__Records to process__.
......
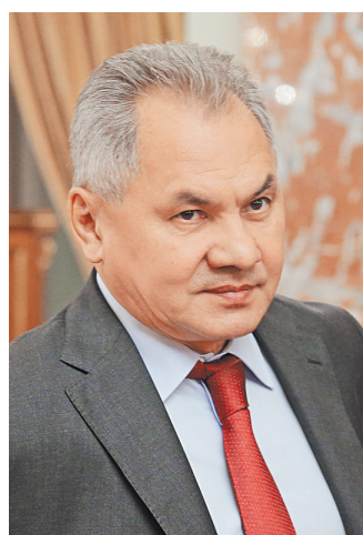
Владимир Путин наградил Сергея Шойгу орденом «За заслуги перед Отечеством» I степени с мечами. Об этом сообщает пресс-служба Кремля, напоминая, что 21 мая министр обороны исполнилось 65 лет.
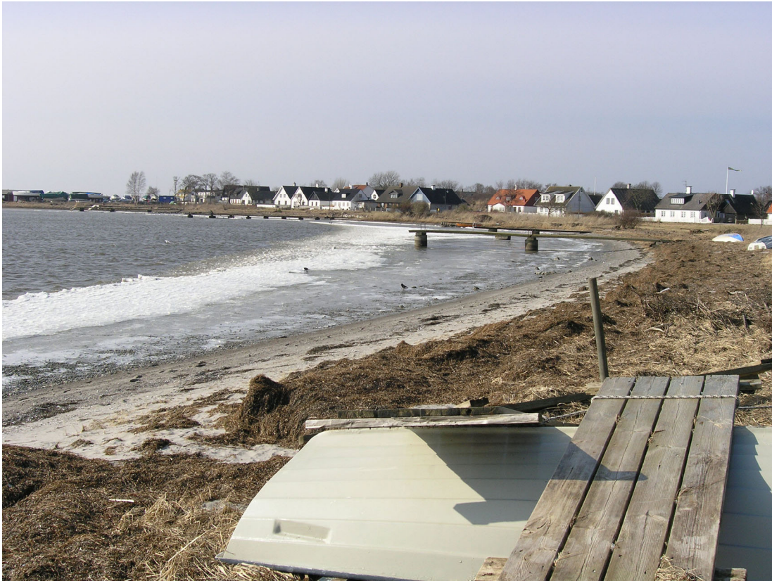
Vy från Vikbögs östra del västerut mot hamnen.
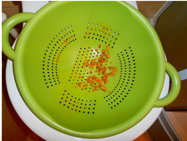
Efekt oczyszczania wątroby.
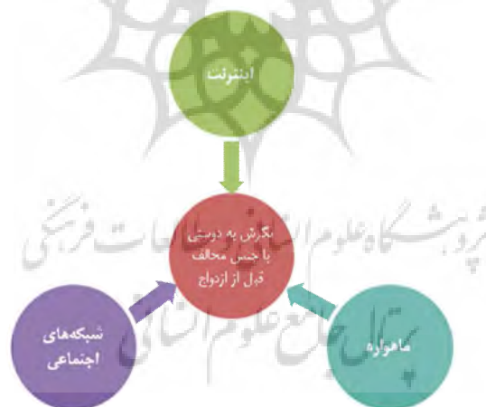
نمودار ۱- مدل نظری پژوهش

بر افراد، متغیرهای بسیاری دخیل می‌شوند که از آن میان خود رسانه و این‌که رسانه چه قابلیت‌هایی دارد، اقبال عمومی آن در نزد مخاطب چگونه است، گستره و پوشش آن تا چه اندازه باشد، محتوای رسانه و ویژگی‌های شخصیتهای، خانوادگی، اجتماعی و فرهنگی مخاطب اهمیت بسیار دارد. می‌توان گفت تأثیر رسانه از یک‌سو به محتوای رسانه بستگی دارد و از سوی دیگر به ویژگی‌های مخاطب که خود در یک فضای فرهنگی و اجتماعی خاص قرار داد. به عبارت کامل‌تر، ویژگی‌های درون‌فردی ۱ (ارزش‌ها و اعتقادات، جنسیت و ضریب هوشی) و برون‌فردی ۲ مخاطبان (نیازها، علایق، روابط اجتماعی و محیط خانوادگی) بر روی دسترسی مخاطب به رسانه‌ها و محتوای آن‌ها و انتظار مخاطب از رسانه تأثیر می‌گذارد (ویندال، ۲۸۱: ۱۳۸۷-۲۸۳). از این رو قابل‌انتظار است محتوای فناوری‌های نوین ارتباطی که عمدتاً نگاهی لیبرال به مسائل جنسیتی خصوصاً مسئله دوستی با جنس مخالف دارند به‌نوعی مروج نگرش‌های لیبرال به این موضوع باشند.
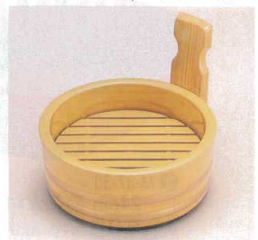
⑬ 1-540-9 A 6寸片手桶 白木金帯 本体 ¥2,150 (17.5×16.7×14) 櫃60 (内寸φ14.8×H5.2)
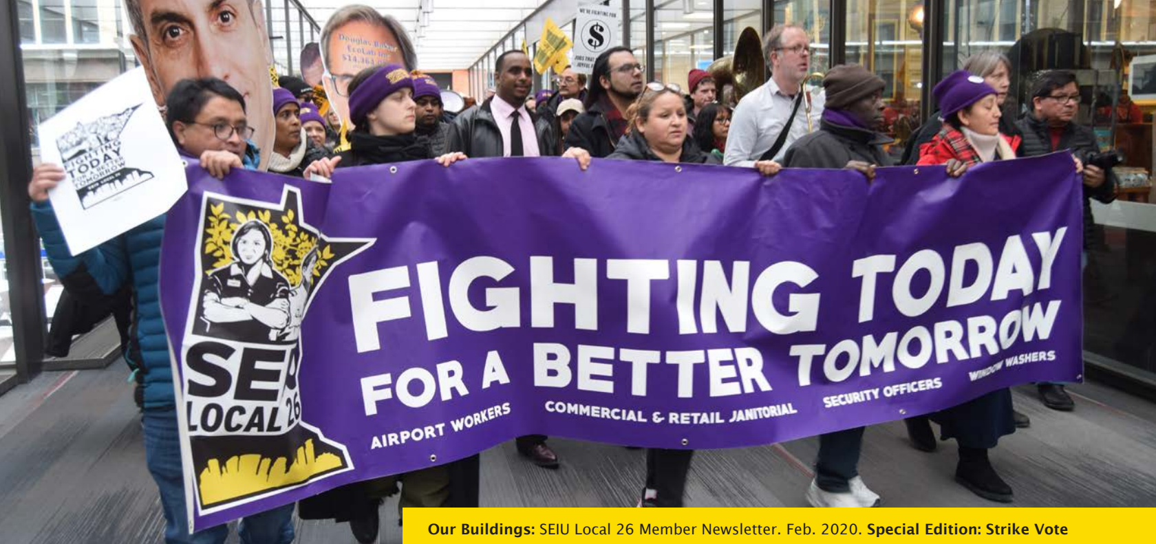
Our Buildings: SEIU Local 26 Member Newsletter. Feb. 2020. Special Edition: Strike Vote
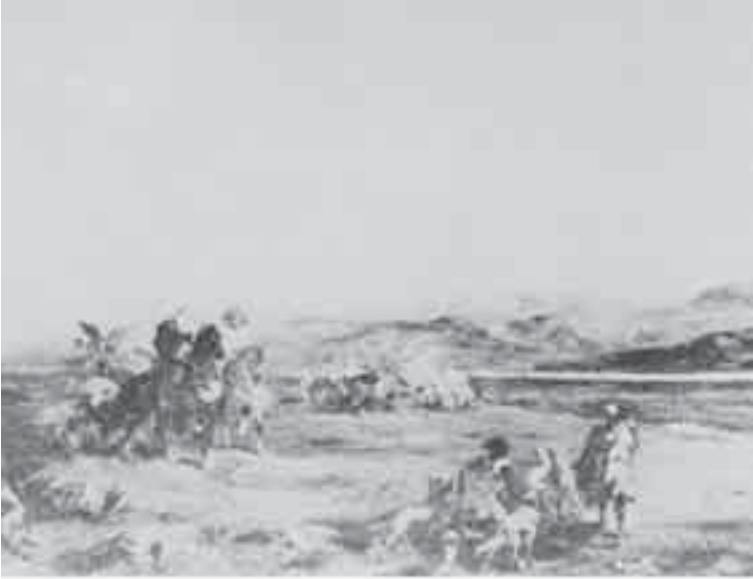
3- فرومنتان , صيد الإبل.
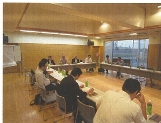
(仮称) 新交通利用促進会議の開催風景

この地域応援組織は、新交通利用促進会議という仮の名前で発足され、これから、会の名称や今後の活動内容を会員自ら企画し、実行していきます。
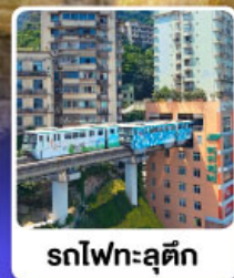
รถไฟฟ้าชตุ๊ตัก
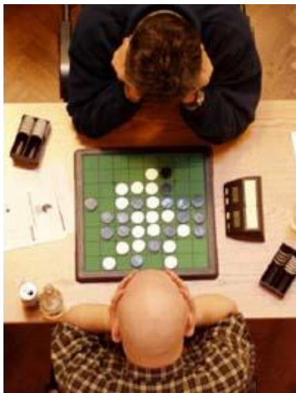
Deux joueurs d'Othello

Les prépositions sont des mots tels que ‘avec’, ‘à’ et ‘par’, et bien que cela soit considéré comme correct de former des phrases d'une telle manière qu'elles ne se terminent pas par un tel mot, ce n'est pas techniquement une règle pure-et-dure de grammaire et quiconque dit le contraire est dans l'erreur. Donc la prochaine fois que quelqu'un vous demande “What are you looking at?” (Qu'est-ce que vous regardez), vous n'avez pas besoin de répondre “Actually, you should say ‘At what are you looking?’” (Actuellement, vous devriez dire ‘Vers quoi regardez-vous ?’)
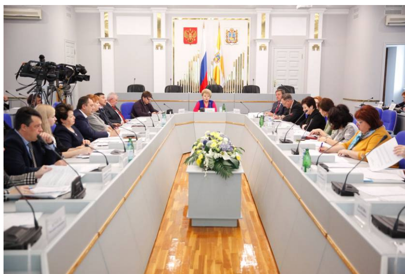
Заседание комитета по вопросу бюджетной обеспеченности курируемых отраслей
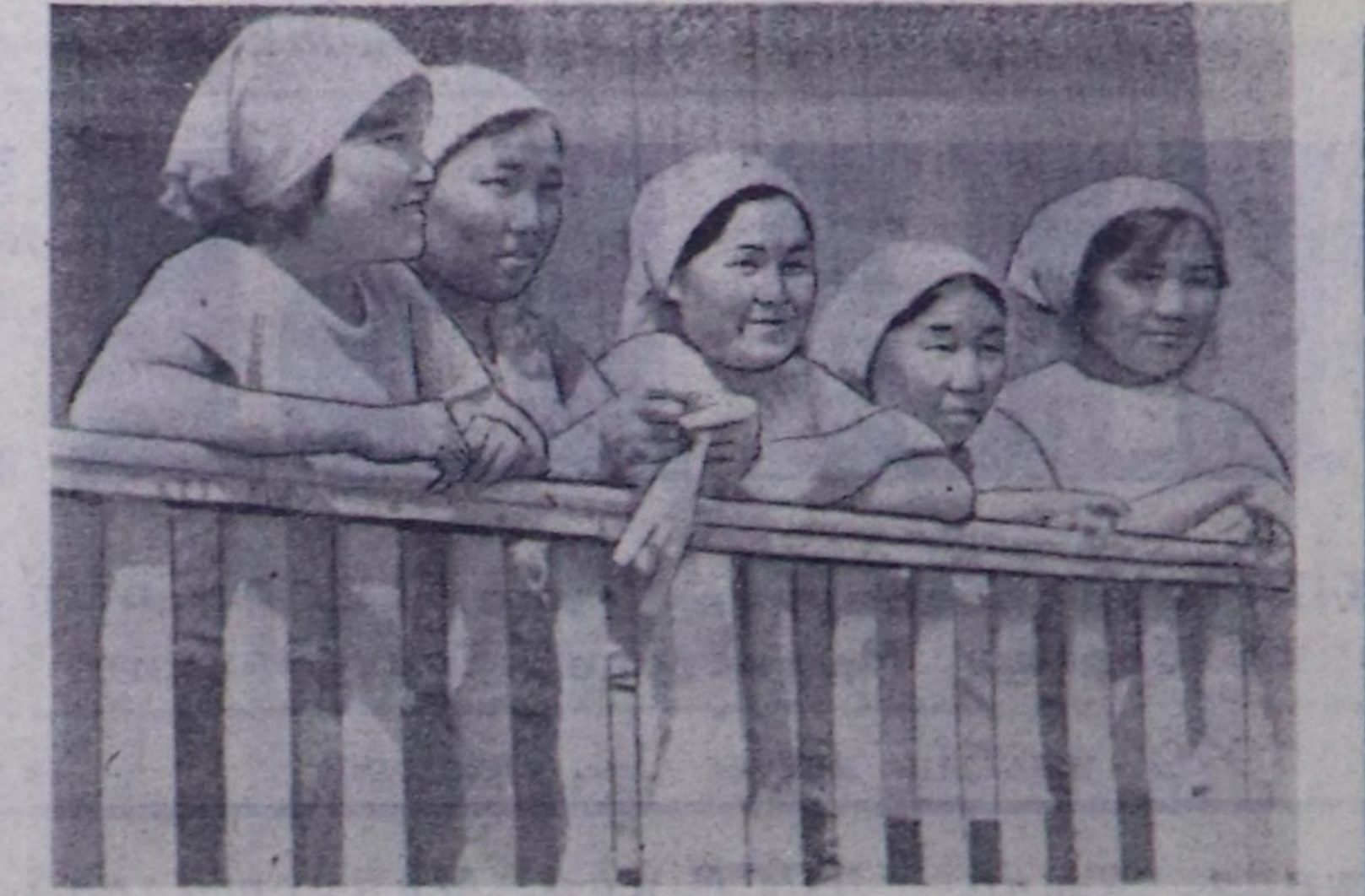
Тузукчулар бригадиринин кады аялдамалар турар эштеринин аялдамаларын, оларнын кызыл аялдамаларын 18 дугайык мехколхозунун тузукчулары мактап чыгара берген. Бу дугайык аялдамалардын программасын кылып чыгарып берген.

«Шагонаржестрой» тресттин тузукчулары, шеверекчилери, монтажниктери Чаа Шагаан-Арык хоорайнын тузукчуларында кызыл аялдамалар, аялдамалардын программасын кылып чыгарып берген. Бу дугайык аялдамалардын программасын кылып чыгарып берген.
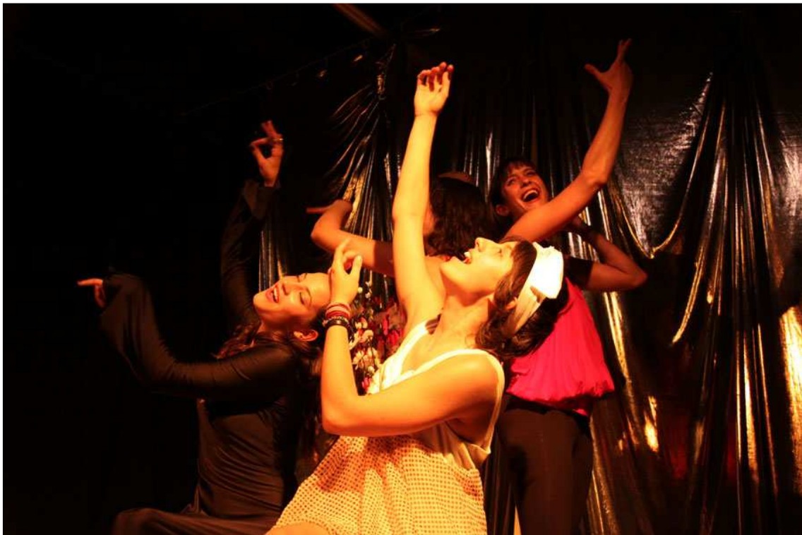
Actuaciones corales en el cuadro de la tele
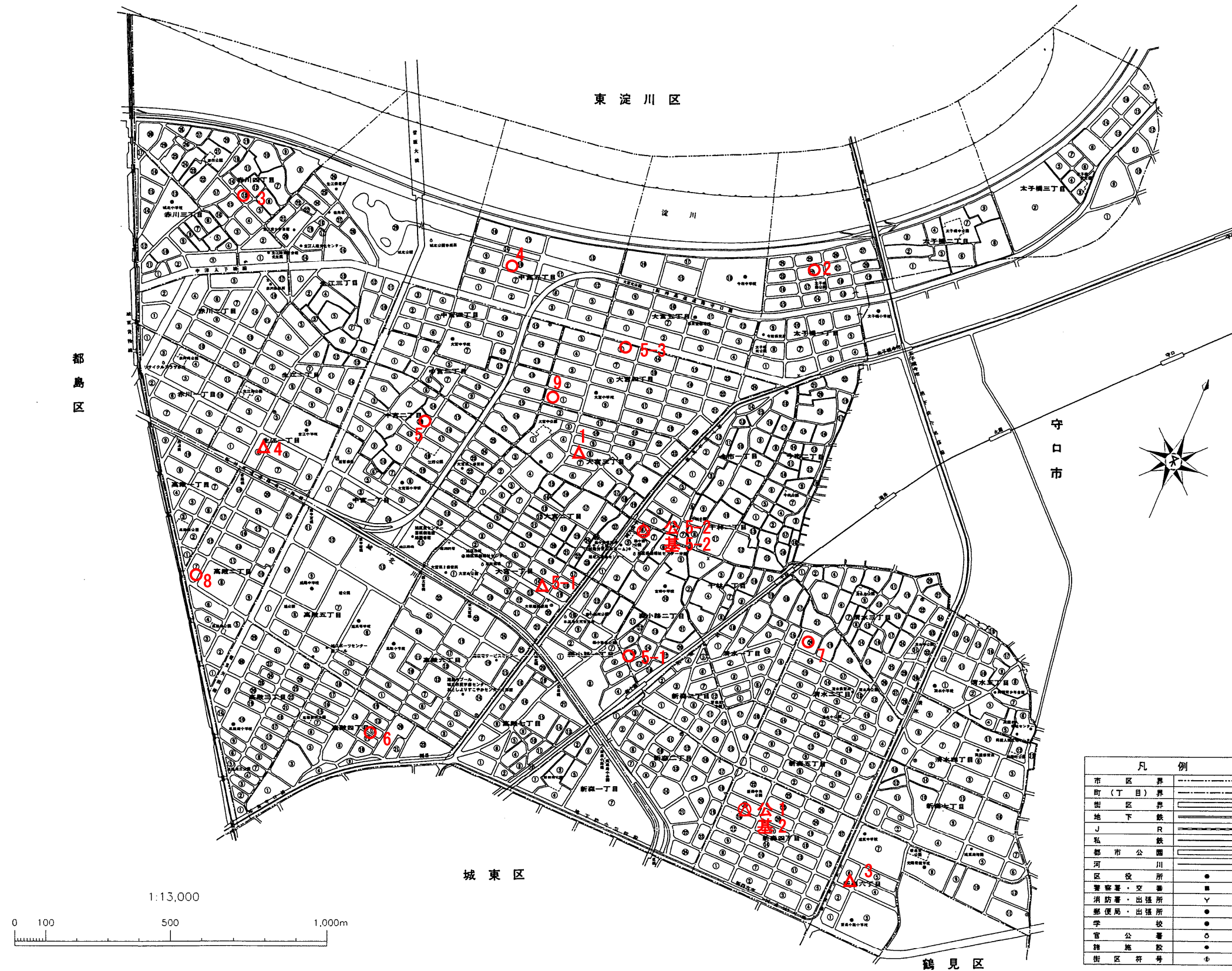
旭区標準地(○)価格表 (平成30年1月1日時点)
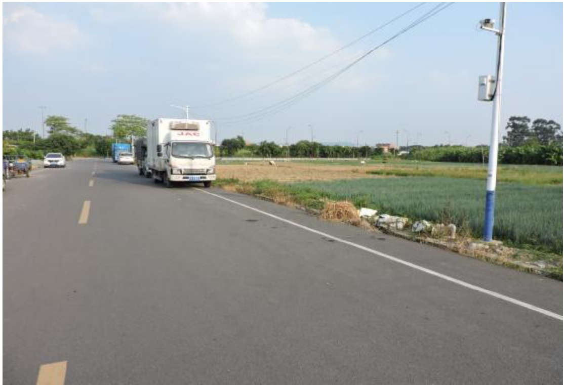
图 27 地表现状（西-东）
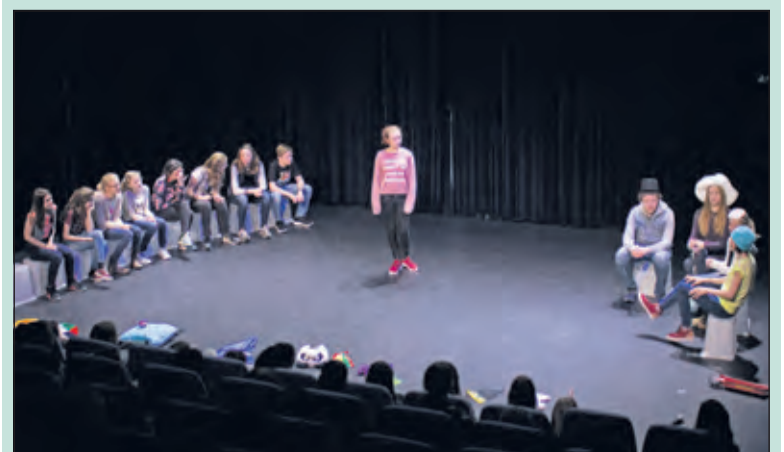
Productieklas 1 van Maquerade op het toneel.

De leerlingen van productieklas 1 van Theaterschool Masquerade speelden op 16 april de voorstelling Achtste groepers huilen niet! (naar het gelijknamige boek van Jaques Vriens) voor een uitverkochte zaal. Het is een ontroerende voorstelling waarin het verhaal van Akkie en haar groep 8 wordt verteld. De voorstelling gaat in reprise tijdens het theaterfestivalweekend Together op 3, 4 en 5 juni. (Corinne Weeda)
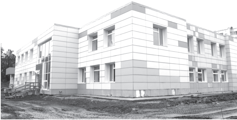
Учащиеся лицея получат новые классы и помещения для спорта и творчества
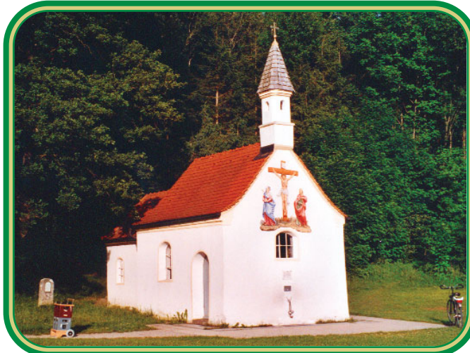
Das Frauenbründl mit seiner Heilquelle können Sie sogar zu Fuß von Weiterskirchen aus erreichen.

Bayerische Kultur rund um Weiterskirchen Zahlreiche Kirchen und Klöster laden zum Verweilen ein. Maria Altenburg, Tuntenhausen und Irschenberg sind nur einige der Sehenswürdigkeiten.
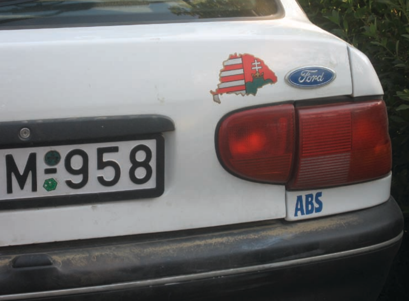
Nagymagyarországos matrica személyautón. / „Great Hungary” decal on a car in 2008.
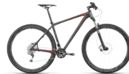
ELITE SUPER HPC SLT 29
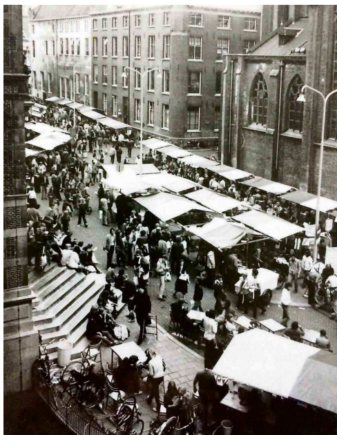
De informatiemarkt op het Broerplein in 1979. Hier leren de studenten alles over de verschillende studentenverenigingen in de stad.

Groei aantal deelnemers KEI-week Jaar - Deelnemers 1969 - 1600 1990 - 2156 2006 - 2816 2017 - 5028 2018 - ?
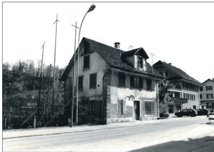
Liegenschaft Zuberhöfli in den 90er-Jahren.
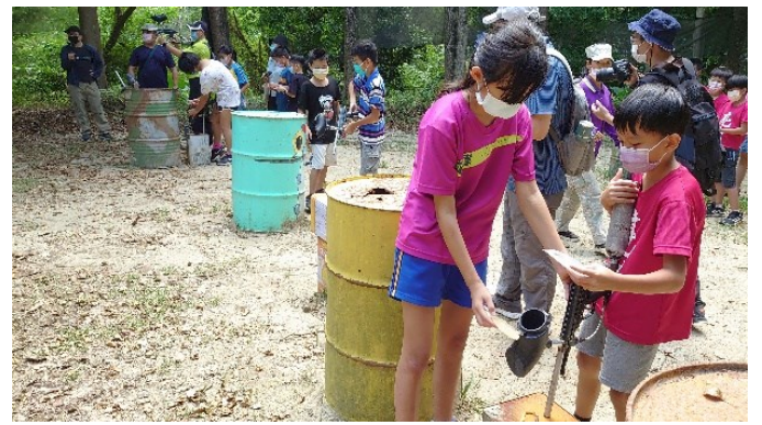
六年級學生指導學弟妹進行射擊操作
......
__What you are asked to do__. Please transcribe exactly the part of the records that opens with the line containing "Our Buildings: SEIU" and closes with the line containing "Deux joueurs d'Othello", both ends included, and leave out the pictures.

__Solution to the exercise__.
Our Buildings: SEIU Local 26 Member Newsletter. Feb. 2020. Special Edition: Strike Vote
3- فرومنتان , صيد الإبل.
(仮称) 新交通利用促進会議の開催風景

この地域応援組織は、新交通利用促進会議という仮の名前で発足され、これから、会の名称や今後の活動内容を会員自ら企画し、実行していきます。
รถไฟฟ้าชตุ๊ตัก
Deux joueurs d'Othello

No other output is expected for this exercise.